Not at all. I’m personally a huge fan of doing something every day to keep moving the story forward, but as we think about human development, it’s important to do so with an updated understanding of our imperfect nature and the many challenges of daily living.

Because sometimes we show up to do our work and don’t make progress for shit. Sometimes we sit down for hours and don’t advance the ball downfield one iota. Sometimes we take two steps back from where we started, and it feels like the opposite of progress.

And that’s okay. What matters is the practice.

My yoga teacher used to say that it’s about the commitment to seeking what is fresh, spontaneous and interesting in the same place we looked for it yesterday. We don’t have to put all this pressure on ourselves to be better than we used to be. Showing up for today is enough.

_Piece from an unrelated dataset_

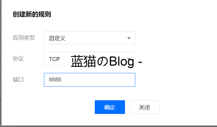 应用类型选择自定义 协议选择TCP 端口8888 然后点击确定

Maybe we make progress, maybe we don’t. But there is no reason to berate ourselves just because we didn’t advance.

The tricky part is, it’s very difficult to make the case for practice over progress in our highly results oriented culture.

Because most of us are evaluated against our outcomes. We are measured against the preconceptions of what we think should be happening or not happening.

But lest we forget, nobody actually knows anything. Everybody’s just guessing. About everything.

And so, who’s to say what progress even means?

Basecamp, the software company that has been profitable from their first day in business, writes about this philosophy in their book:

Our goal is no goals. It would be disingenuous for us to pretend we care about a number we just made up. Let’s face it, goals are fake. Nearly all of them are artificial targets set for the sake of setting targets. They’re made up numbers that function as a source of unnecessary stress until they’re either achieved or abandoned. And when that happens, you’re supposed to pick new ones and start stressing again.

Think about which of these ideas you focus on. Perfection, progress or practice?

And here’s the secret. The first one is utterly impossible. The second one is occasionally improbable. Which leaves us with the third, practice, which is always attainable.

We can still show up no matter what.

In my thirty years of songwriting, there have been countless composing sessions where I sat down to play my guitar, and after thirty minutes, not a goddamn thing happened.

Oh sure, there was a barrage of notes coming off my strings, but nothing worth recording. In short, there was zero progress.

But it took me years to realize that that didn’t make my session a failure. It wasn’t good, it wasn’t bad, it just was.

That’s the reality of the creative experience. It will crack on regardless of the preconceptions and expectations we have about what we think should be happening.

All we can control is the story we tell ourselves about the journey.

What happens when progress doesn’t happen?